What is expected>
Your answer must be the line containing "Structured Military-inspired Jacket" and each following line to the end of the listing below, copied exactly, with pictures removed and nothing added.

....

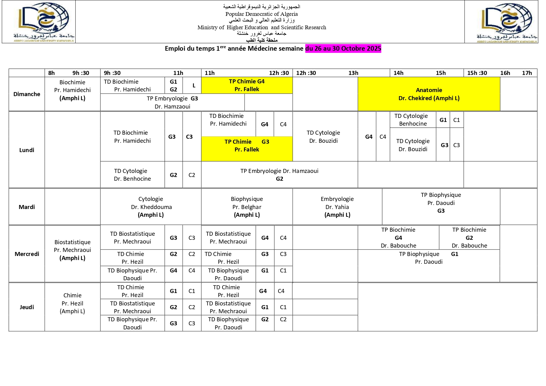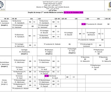• سابق2nd year medicine timetable from octobre 19 to 23
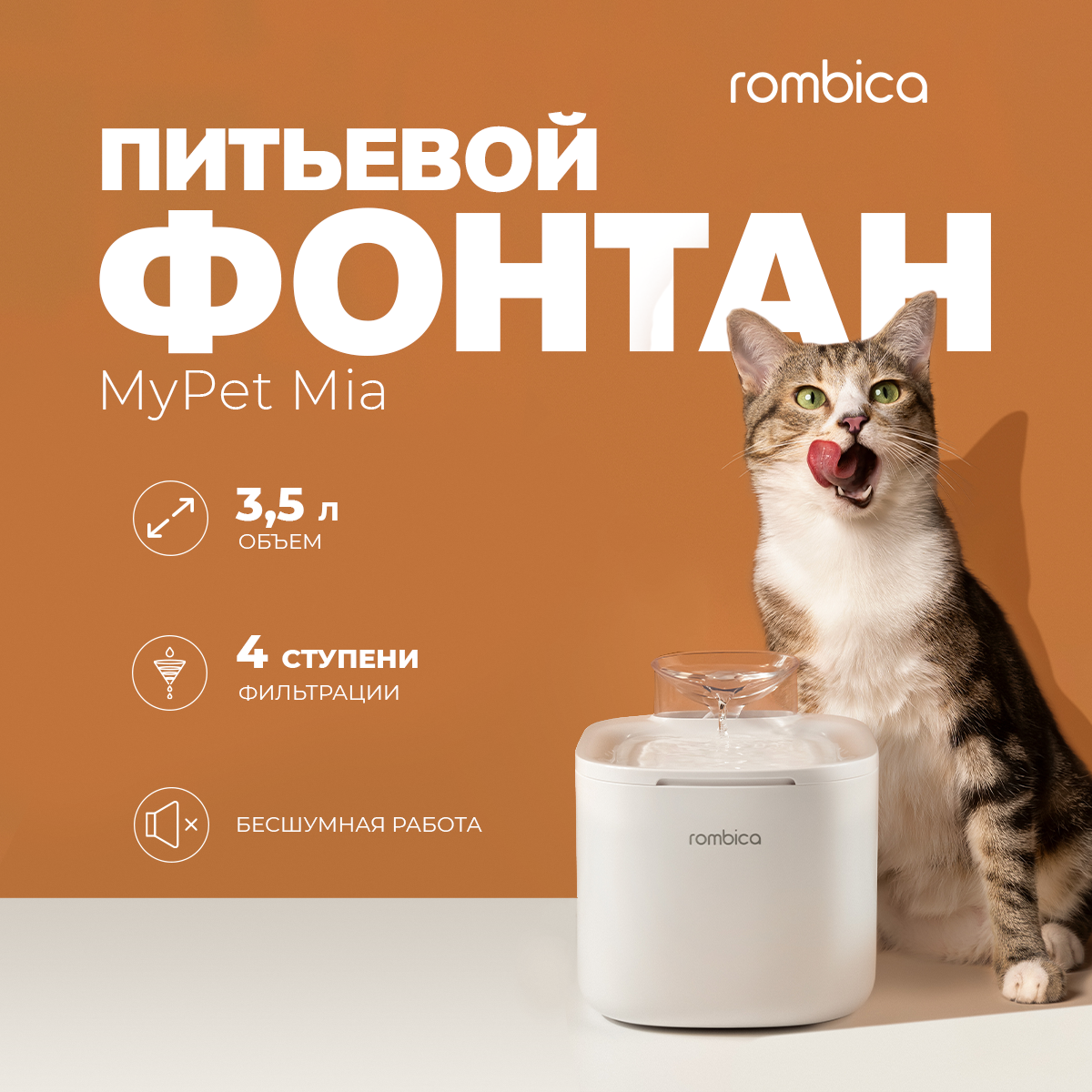 Автопоилка, питьевой фонтан для кошек 3,5 литра Rombica myPet Mia информация:
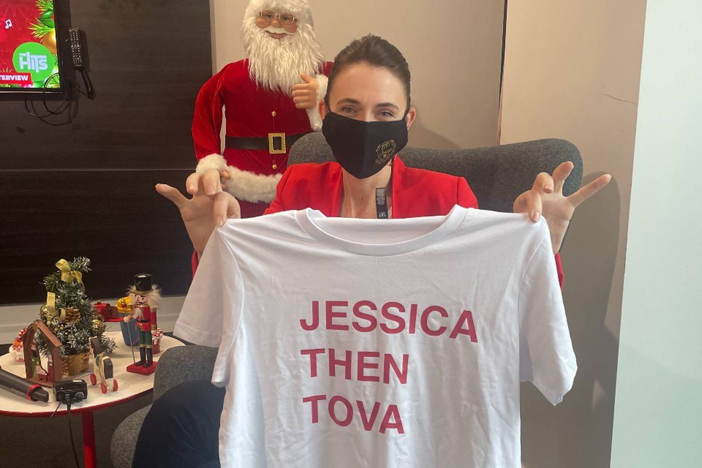 The Prime Minister won't likely forget this any time soon after she was then gifted a T-shirt from the radio hosts with the words "Jessica, then Tova" written on it.Â
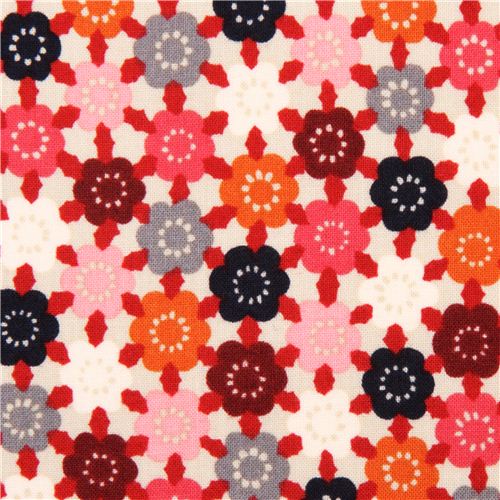 grauer Blumenstoff 'Chiyohana' mit kleinen bunten Blumen aus den USA
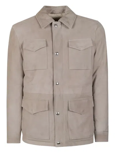 Structured Military-inspired Jacket With Suede-like Texture In Brown
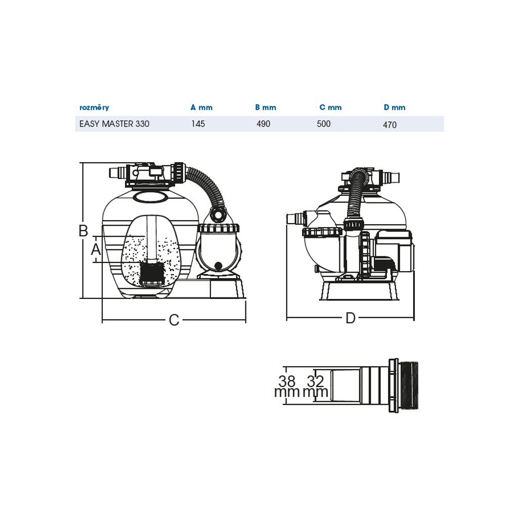 - Napojení přez hadice 32 a 38 mm.
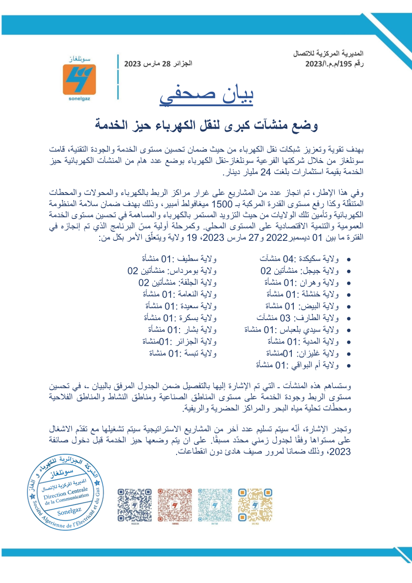 وأوضح مجمع سونلغاز في بانه له أنه تم انجاز عدد من المشاريع على غرار مراكز الربط بالكهرباء والمحولات والمحطات المتنقلة، وكذا رفع مستوى القدرة المركبة ب 1500 ميغافولط امبير، وذلك بهدف ضمان سلامة المنظومة الكهربائية وتأمين الولايات المعنية من حيث التزويد المستمر بالكهرباء والمساهمة في تحسين مستوى الخدمة العمومية والتنمية الاقتصادية على المستوى المحلي.
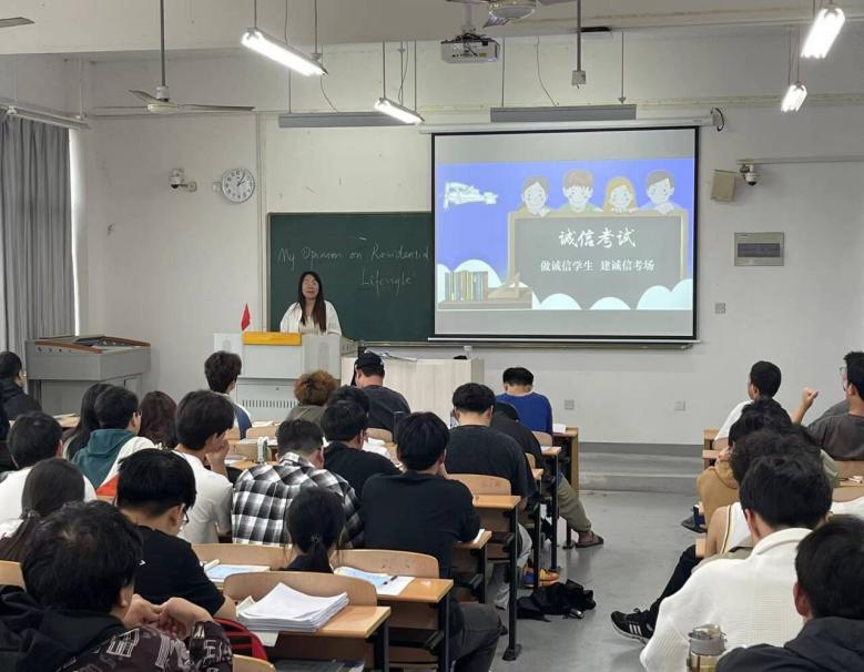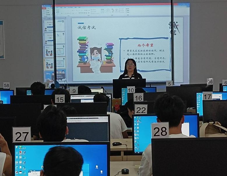 吴晶晶老师详细介绍了考试中的注意事项和违规行为的处理办法,让同学们更加清楚地了解了考试纪律和规定,进一步增强了学生的诚信意识。随后,由吴晶晶老师将诚信考试承诺书发放到各班级,各班长带领大家学习诚信考试承诺书的相关规定,明确相关要求,提醒注意事项,每位同学都在承诺书上郑重签名。

....

Written response>
 Structured Military-inspired Jacket With Suede-like Texture In Brown
 - Napojení přez hadice 32 a 38 mm.
 وأوضح مجمع سونلغاز في بانه له أنه تم انجاز عدد من المشاريع على غرار مراكز الربط بالكهرباء والمحولات والمحطات المتنقلة، وكذا رفع مستوى القدرة المركبة ب 1500 ميغافولط امبير، وذلك بهدف ضمان سلامة المنظومة الكهربائية وتأمين الولايات المعنية من حيث التزويد المستمر بالكهرباء والمساهمة في تحسين مستوى الخدمة العمومية والتنمية الاقتصادية على المستوى المحلي.
 吴晶晶老师详细介绍了考试中的注意事项和违规行为的处理办法,让同学们更加清楚地了解了考试纪律和规定,进一步增强了学生的诚信意识。随后,由吴晶晶老师将诚信考试承诺书发放到各班级,各班长带领大家学习诚信考试承诺书的相关规定,明确相关要求,提醒注意事项,每位同学都在承诺书上郑重签名。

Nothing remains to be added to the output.